– Не станут же они ее держать в казарме, – добавил Томас. – Это им ничего не даст, кроме проблем. Ее наверняка заключили в «Амалию», там она и станет дожидаться суда. Так обычно поступают.

– Ты знаешь кого-нибудь в тюрьме, кто мог бы позаботиться о Монсеррат, – волнуясь, спросил Далмау, – пока?..

«Пока – что?» – осекся он на половине фразы. Ее будут судить и приговорят. Это точно.

Брат, нахмурившись, развел руками и покачал головой:

– Разумеется, там, внутри, у нас есть свои люди, но у них и без того проблем хватает. Мы, анархисты, – отбросы общества, источник всех зол; революционеры, террористы… Есть конкретные указания, направленные на то, чтобы сделать нашу жизнь невыносимой, ославить нас по-всякому; мы хуже любого убийцы или растлителя детей. – Томас закатил глаза, он представлял себе, что сейчас думает брат: чего еще они ожидали, терроризируя бомбами всю Барселону. – Это – революция, – попытался он поспорить с невысказанными мыслями брата.

Далмау хранил молчание. Он мало знал отца. Был слишком юн, когда его посадили, и сожалел, что так и не смог поговорить с ним как мужчина, не как ребенок. Сейчас он вдруг понял, что со старшим братом происходит то же самое. Он был идолом для мальчишки, который видел в его действиях истину, силу, борьбу с несправедливым положением вещей: чем они отличаются от денежных мешков, почему эти буржуа каждый день едят белый хлеб и мясо? Но на самом деле он брата не знал. Томас слишком рано ушел из родительского дома.

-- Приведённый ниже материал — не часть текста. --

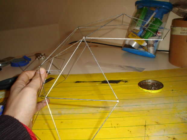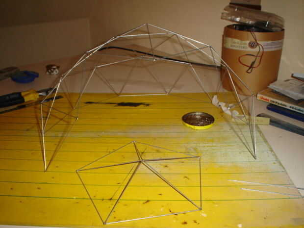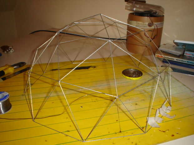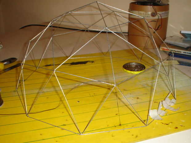 esta un modelo de cúpula geodésica que hice al ver este video http://www.youtube.com/watch?v=vv01yWHo_1otambién puede encontrar una versión de texto en http://www.Hilaroad.com , que es, pero uno de los muchos proyectos de gran ciencia en el sitio.la

– Далмау, – прервал тот его размышления, – уже слишком поздно. Переночуй у нас, а завтра утром пойдем…

– Не могу. Я должен вернуться домой. Не хочу, чтобы мама долго оставалась одна. Увидимся на рассвете, у тюрьмы «Амалия», хорошо?

Он остановился на той же ступеньке, что и в первый раз: за две до площадки. Через пару часов рассветет, в доме уже просыпались жильцы, слышались полные истомы звуки, но ни один не был похож на стук швейной машинки. Его бы Далмау расслышал даже в разгар грозы. Он крадучись вошел в квартиру. Зажег свечу. Мать оставалась в той же позе, что и тогда, когда он отправлялся к Томасу: сидела на табурете перед швейной машинкой, отрешившись от всего, даже от шитья, всей душой, всей болью и слезами пребывая со своей дочкой Монсеррат.

– Мама, ложитесь, отдохните, – взмолился Далмау.

– Не могу, – ответила мать.

– Отдохните, прошу вас, – настаивал сын. – Боюсь, это долгая история, и за ночь мы вряд ли что-то сможем сделать. Вы должны ко всему быть готовы.

Хосефа уступила, свалилась на кровать.

– Рано утром мы с Томасом пойдем в тюрьму, – шепнул Далмау ей на ухо.

Мать в ответ захлебнулась рыданиями, Далмау поцеловал ее в лоб и ушел в свою комнату без окон, где лег не раздеваясь, чтобы только дождаться рассвета.

Его разбудила возня Хосефы на кухне. Занималась заря. Пахло кофе и свежеиспеченным хлебом: мать, видимо, спускалась на улицу, чтобы его купить.

– По всей вероятности, она в тюрьме «Амалия», – сообщил Далмау, целуя ее в темечко; она, склонившись над вделанным в стену очагом, готовила омлет с почками. – Мы с Томасом договорились пойти туда с утра.

Хосефа поставила еду на стол, Далмау уселся.

– Эта тюрьма – вместилище зла, полное преступников. Ее разорвут на куски. Твоя сестра борется за свободу, ищет общего блага, хочет вывести рабочих из рабства, снять с них цепи: наивная идеалистка, такая же, каким был твой отец и каков твой брат. Ничего себе семейка! И твоя невеста туда же! – вдруг пришло ей на ум. – Эмма такая же, как они! Гляди за ней в оба…

– Мама, – перебил ее Далмау, – детьми вы нас водили на манифестации. Я сам видел, как вы готовили беспорядки.